**Provided entries:**
>>>
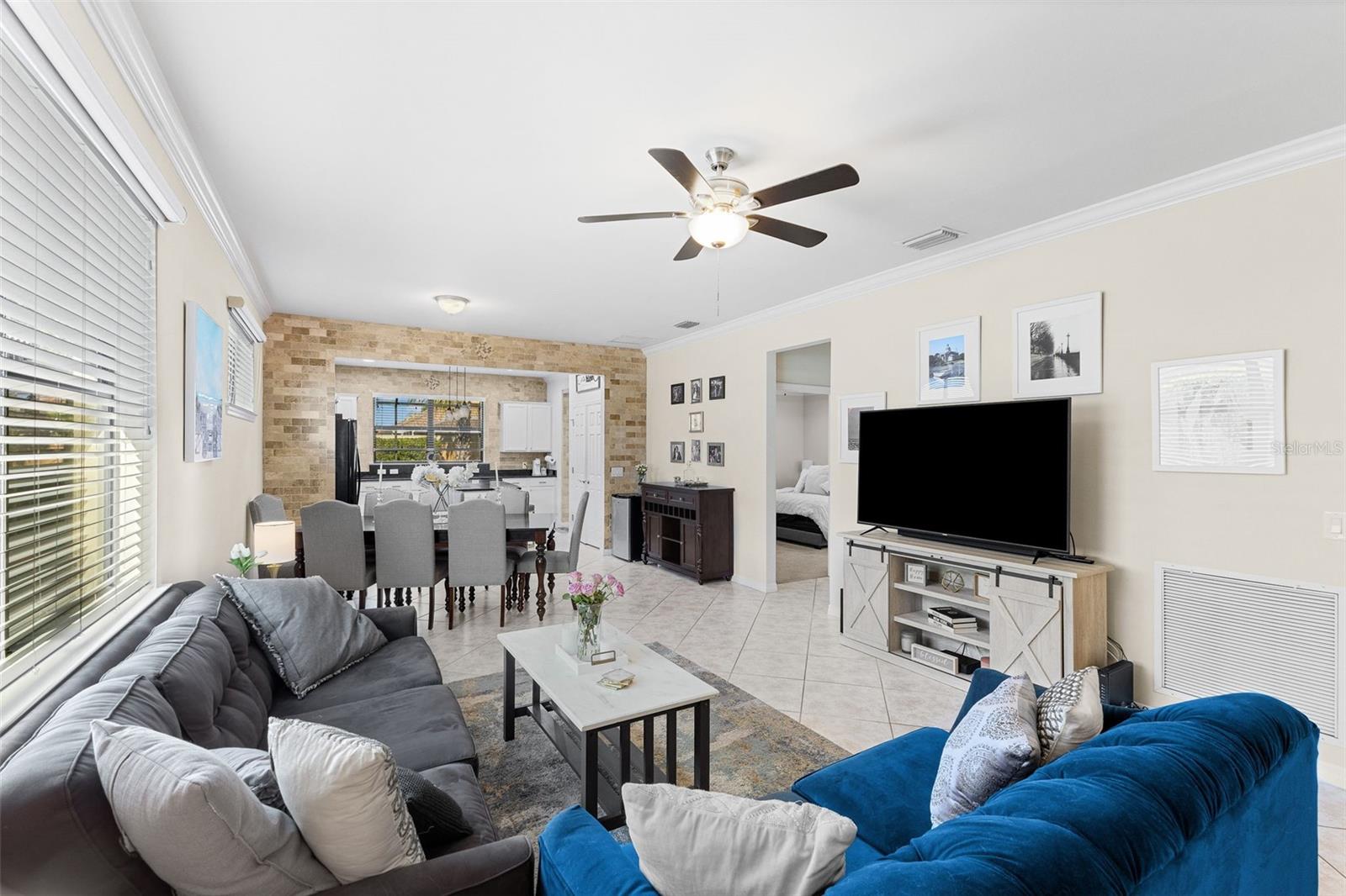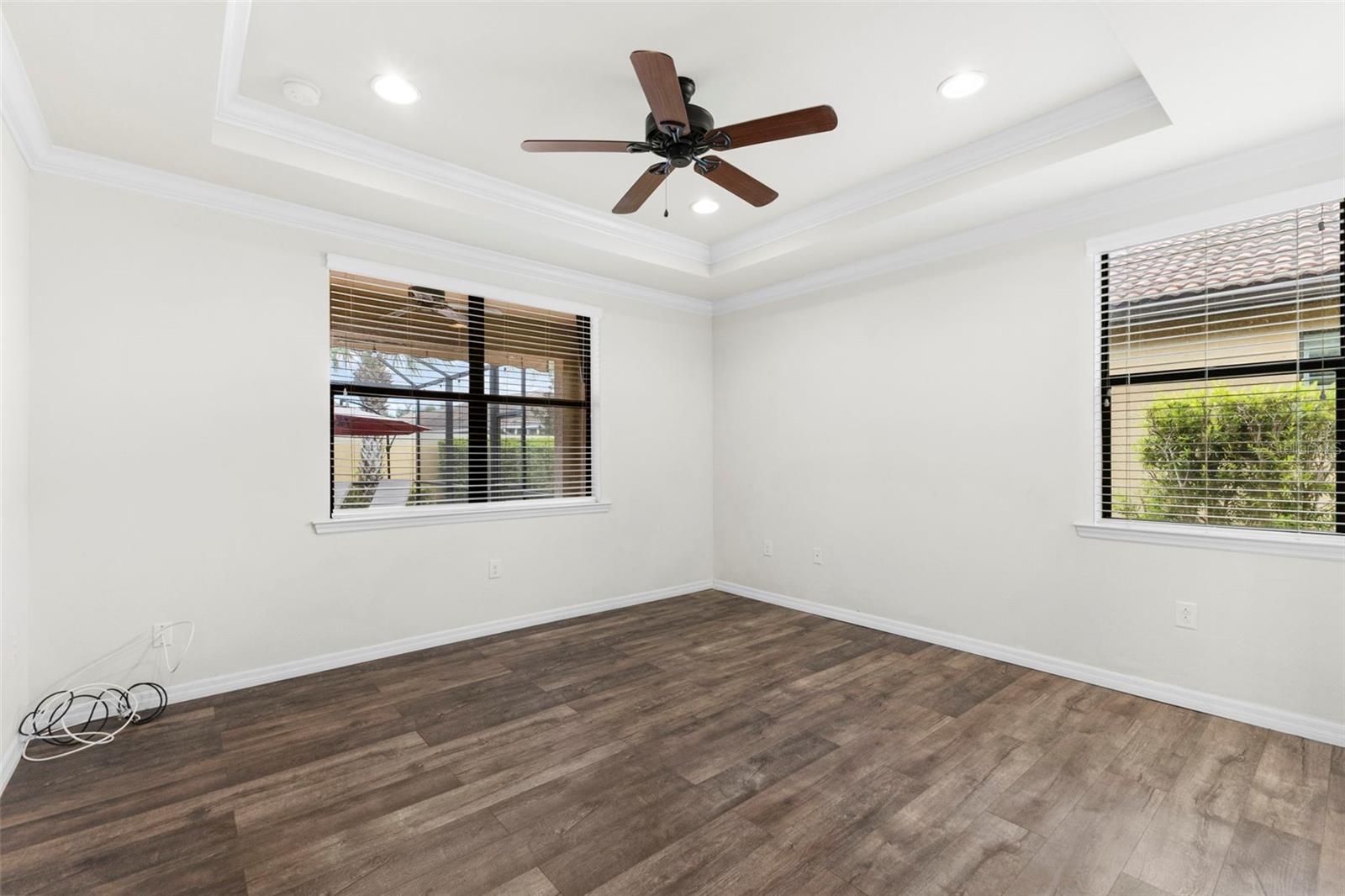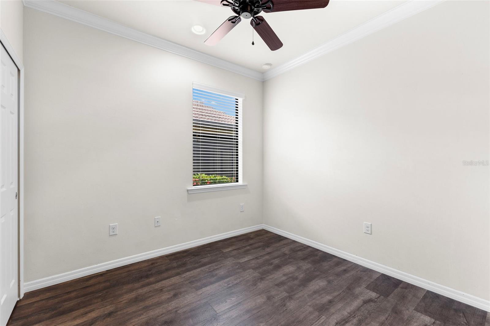 SELLER TO PAY HOA FEES THROUGH THE END OF 2025! NEW FLOORING JUST INSTALLED IN BEDROOMS AND DEN! Imagine coming home to this stunning single family home in popular IslandWalk! This 2 bedroom, with an enclosed den, 2 bathroom, and oversized 2 car garage home has a huge lanai which is a private oasis! Larger than your neighbors lanai It is covered, screened, and has an 18 foot power sunsetter awning, making your backyard perfect for enjoying the Florida Lifestyle! This lovely home has an oversized, welcoming front porch, and screened door entry! The kitchen has recently been updated making it light and bright. The gourmet kitchen features granite counters, a lovely backsplash, and a HUGE Island with lots of storage! This home has an EXTENDED 4 foot GARAGE providing all the extra storage you will need! The attic in garage has pull down stairs for easy access. The layout is open concept offering a large living room and dining room. The den features French doors and is large enough to use as an additional guest room or office if you prefer! The large Primary bath includes dual sinks, and a walk in shower that has recently been updated with beautiful tile! The closet is a dream come true! The owner just recently added custom built in shelving with plenty of room for all of your shoes and accessories!! IslandWalk is one of Wellen Parks most active and social communities with full time activity directors, events, clubs and activities, two community clubhouses, an event center, two resort style pools, a separate lap pool, Pickle Ball Court, Tennis, a dog park, bocce ball, Playground, Basketball Court, a Community Garden and more!! The entire community is surrounded by, walking and biking trails, lovely bridges and ponds! Islandwalk is maintenance free so leave your mowers behind! So much to do in Wellen Park and the surrounding areas!
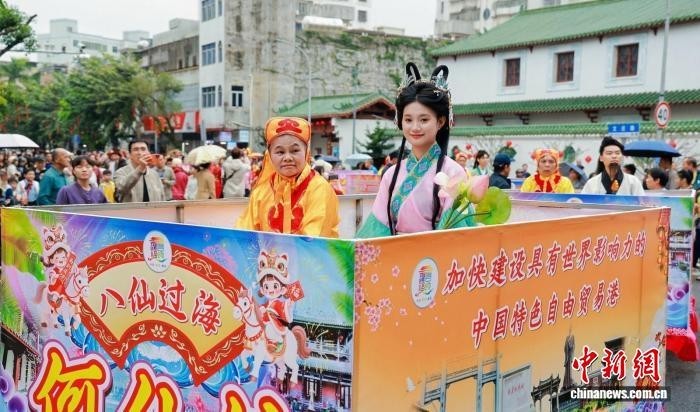 “这简直是一场穿越时空的奇遇!”3日下午,来自喀麦隆的游客弗朗克(Franck)挤在热闹的人群中,不停拍摄眼前的“装马匹”民俗巡游。雄狮舞动,鼓乐铿锵,身着古装的“历史名人”与“七仙女”乘坐花车徐徐行过街巷,仿佛将千年琼州的历史画卷徐徐铺展。
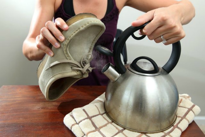 - После того как крупные кристаллы соли были убраны с ботинок, их нужно отпарить. Поставьте чайник на огонь и дождитесь, пока вода закипит. Поднесите к носику чайника ботинки и подержите их некоторое время для того, чтобы они обработались паром;
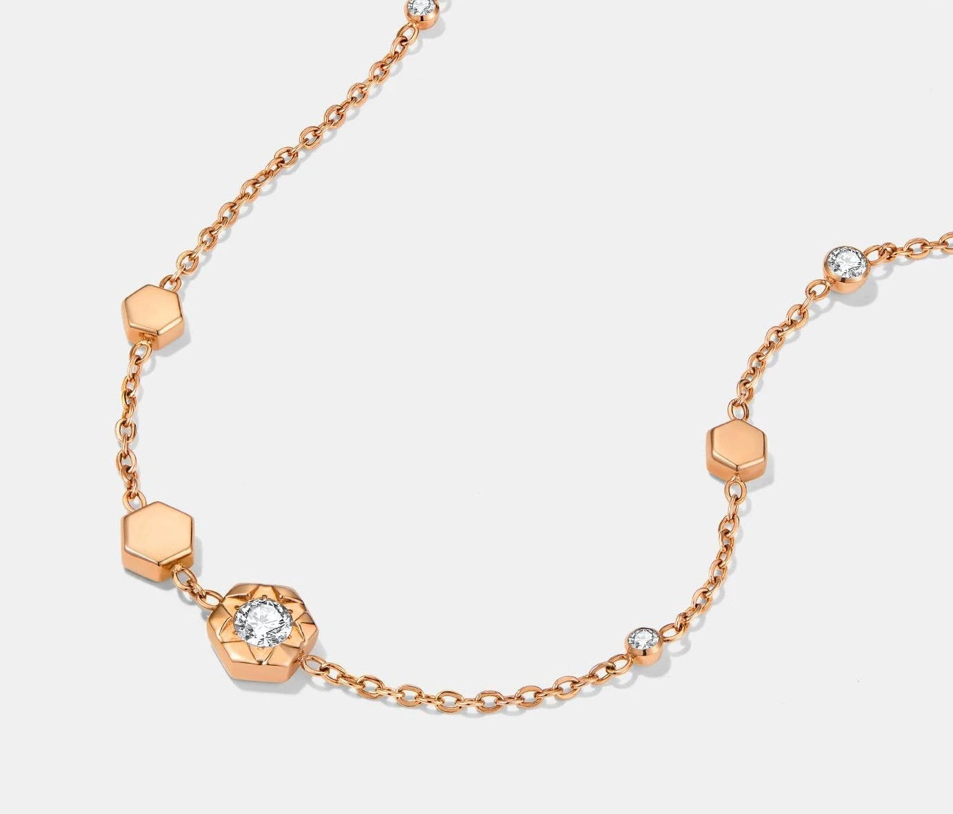 六角形のチャームと大きなジルコンがアクセントとなり、上品さを演出。
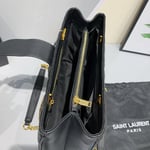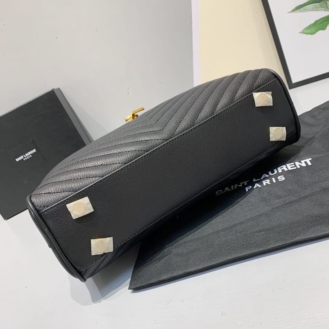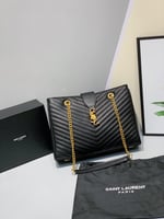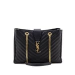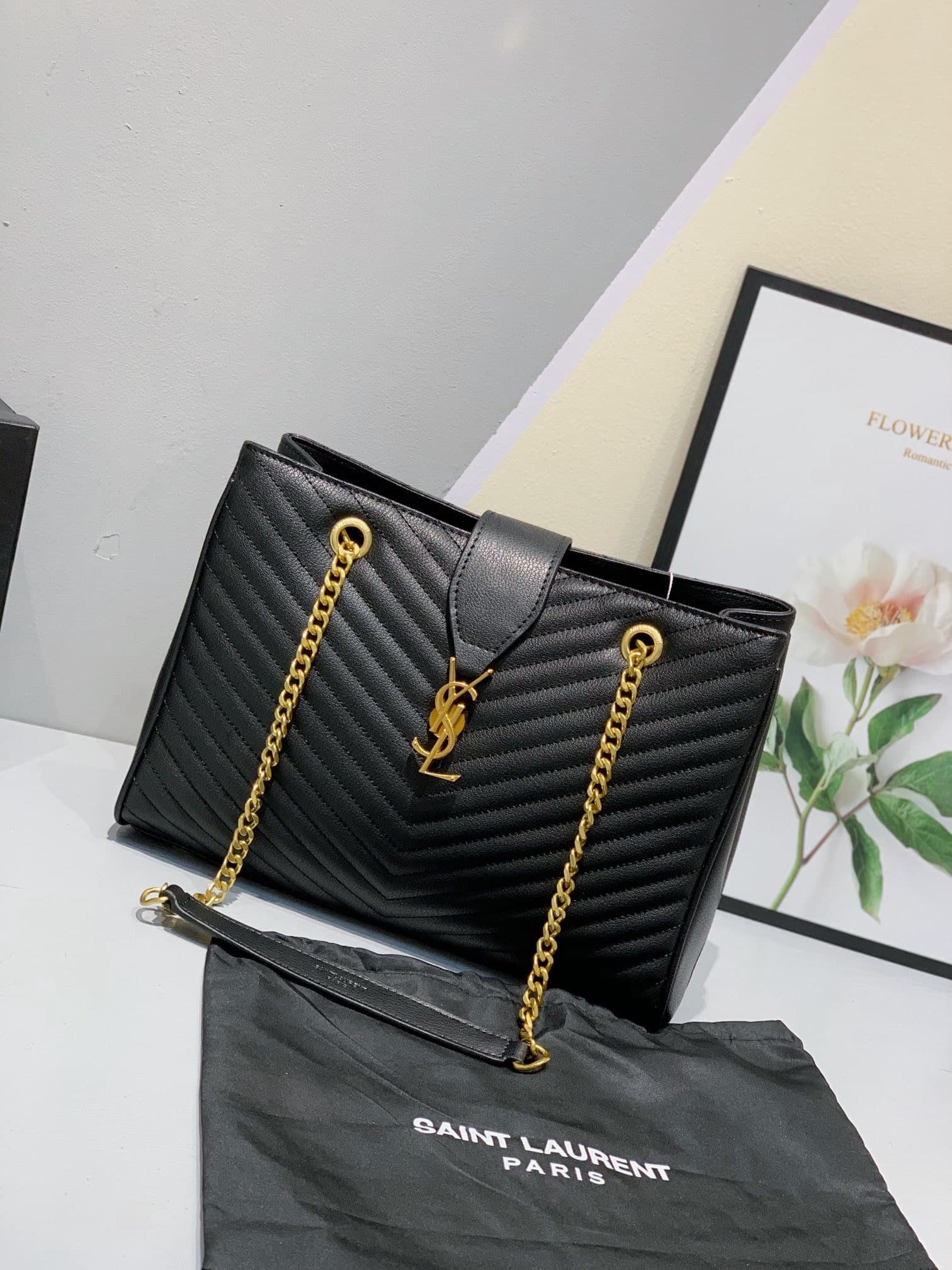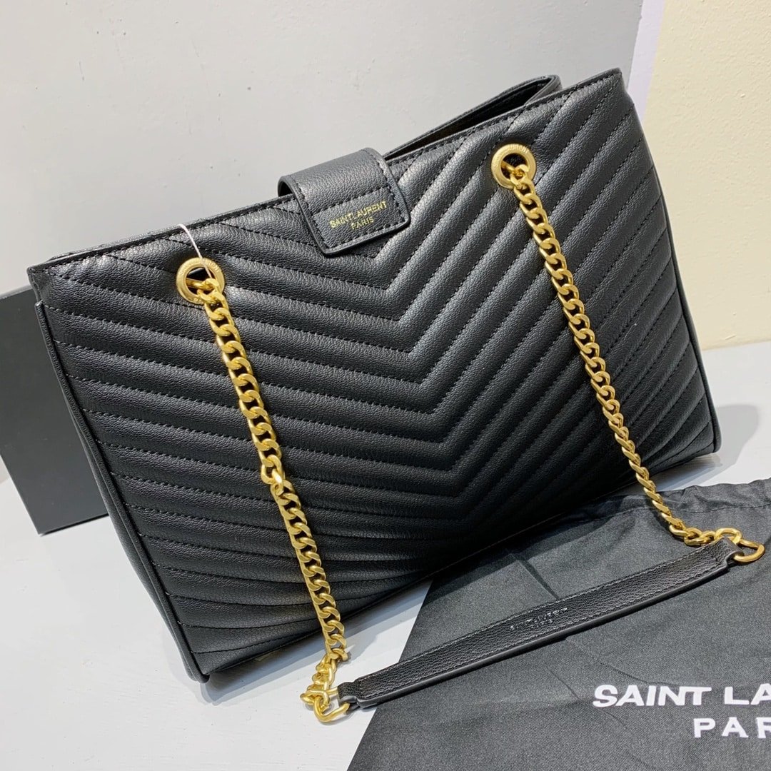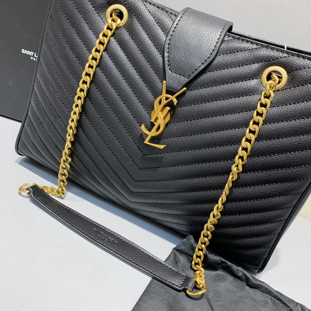• Saint Laurent Black Grain De Poudre Matelasse Chevron Monogram Shopping Bag Gold Hardware
<<<
**Try it:**
All of the lines above should be copied exactly, apart from the pictures.

**Answer to the problem:**
 SELLER TO PAY HOA FEES THROUGH THE END OF 2025! NEW FLOORING JUST INSTALLED IN BEDROOMS AND DEN! Imagine coming home to this stunning single family home in popular IslandWalk! This 2 bedroom, with an enclosed den, 2 bathroom, and oversized 2 car garage home has a huge lanai which is a private oasis! Larger than your neighbors lanai It is covered, screened, and has an 18 foot power sunsetter awning, making your backyard perfect for enjoying the Florida Lifestyle! This lovely home has an oversized, welcoming front porch, and screened door entry! The kitchen has recently been updated making it light and bright. The gourmet kitchen features granite counters, a lovely backsplash, and a HUGE Island with lots of storage! This home has an EXTENDED 4 foot GARAGE providing all the extra storage you will need! The attic in garage has pull down stairs for easy access. The layout is open concept offering a large living room and dining room. The den features French doors and is large enough to use as an additional guest room or office if you prefer! The large Primary bath includes dual sinks, and a walk in shower that has recently been updated with beautiful tile! The closet is a dream come true! The owner just recently added custom built in shelving with plenty of room for all of your shoes and accessories!! IslandWalk is one of Wellen Parks most active and social communities with full time activity directors, events, clubs and activities, two community clubhouses, an event center, two resort style pools, a separate lap pool, Pickle Ball Court, Tennis, a dog park, bocce ball, Playground, Basketball Court, a Community Garden and more!! The entire community is surrounded by, walking and biking trails, lovely bridges and ponds! Islandwalk is maintenance free so leave your mowers behind! So much to do in Wellen Park and the surrounding areas!
 “这简直是一场穿越时空的奇遇!”3日下午,来自喀麦隆的游客弗朗克(Franck)挤在热闹的人群中,不停拍摄眼前的“装马匹”民俗巡游。雄狮舞动,鼓乐铿锵,身着古装的“历史名人”与“七仙女”乘坐花车徐徐行过街巷,仿佛将千年琼州的历史画卷徐徐铺展。
 - После того как крупные кристаллы соли были убраны с ботинок, их нужно отпарить. Поставьте чайник на огонь и дождитесь, пока вода закипит. Поднесите к носику чайника ботинки и подержите их некоторое время для того, чтобы они обработались паром;
 六角形のチャームと大きなジルコンがアクセントとなり、上品さを演出。
• Saint Laurent Black Grain De Poudre Matelasse Chevron Monogram Shopping Bag Gold Hardware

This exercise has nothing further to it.